# Difference between revisions of "R-factors"

Historically, R-factors were introduced by ... ???

## Definitions

### Data quality indicators

In the following, all sums over hkl extend only over unique reflections with more than one observation!

• Rsym and Rmerge - the formula for both is:
$\displaystyle{ R = \frac{\sum_{hkl} \sum_{j} \vert I_{hkl,j}-\langle I_{hkl}\rangle\vert}{\sum_{hkl} \sum_{j}I_{hkl,j}} }$


where $\displaystyle{ \langle I_{hkl}\rangle }$ is the average of symmetry- (or Friedel-) related observations of a unique reflection.

It can be shown that this formula results in higher R-factors when the redundancy is higher . In other words, low-redundancy datasets appear better than high-redundancy ones, which obviously violates the intention of having an indicator of data quality!
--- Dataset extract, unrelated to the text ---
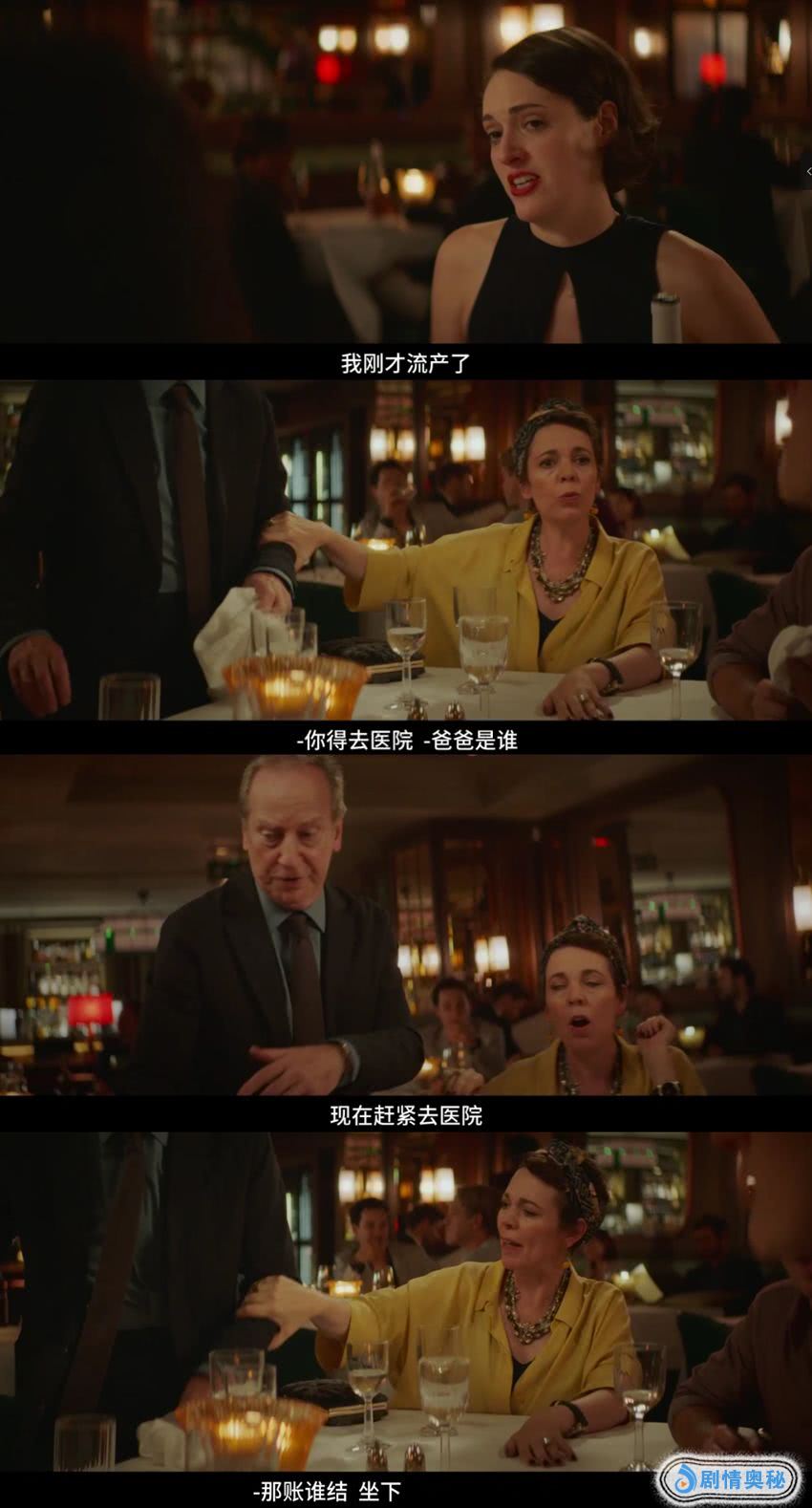 ∆ 刚刚,是姐姐在厕所流产了。但姐姐为了维持幸福女人形象,假装什么事也没发生。Fleabag只能说自己流产了,结束这个荒诞的家庭聚会。继母第一反应是,孩子的爸爸是谁?第二担心的是,Fleabag要是此刻去医院了,谁来结账?

• Redundancy-independant version of the above:
$\displaystyle{ R_{meas} = \frac{\sum_{hkl} \sqrt \frac{n}{n-1} \sum_{j=1}^{n} \vert I_{hkl,j}-\langle I_{hkl}\rangle\vert}{\sum_{hkl} \sum_{j}I_{hkl,j}} }$


which unfortunately results in higher (but more realistic) numerical values than Rsym / Rmerge  (M.S. Weiss and R. Hilgenfeld (1997) On the use of the merging R-factor as a quality indicator for X-ray data. J. Appl. Crystallogr. 30, 203-205).

• measuring quality of averaged intensities/amplitudes:

for intensities use (M.S. Weiss. Global indicators of X-ray data quality. J. Appl. Cryst. (2001). 34, 130-135 )

$\displaystyle{ R_{p.i.m.} = \frac{\sum_{hkl} \sqrt \frac{1}{n} \sum_{j=1}^{n} \vert I_{hkl,j}-\langle I_{hkl}\rangle\vert}{\sum_{hkl} \sum_{j}I_{hkl,j}} }$


$\displaystyle{ R_{mrgd-I} }$ is similarly defined in Diederichs and Karplus .

Similarly, one should use Rmrgd-F as a quality indicator for amplitudes , which may be calculated as:

$\displaystyle{ R_{mrgd-F} = \frac{\sum_{hkl} \sqrt \frac{1}{n} \sum_{j=1}^{n} \vert F_{hkl,j}-\langle F_{hkl}\rangle\vert}{\sum_{hkl} \sum_{j}F_{hkl,j}} }$


with $\displaystyle{ \langle F_{hkl}\rangle }$ defined analogously as $\displaystyle{ \langle I_{hkl}\rangle }$.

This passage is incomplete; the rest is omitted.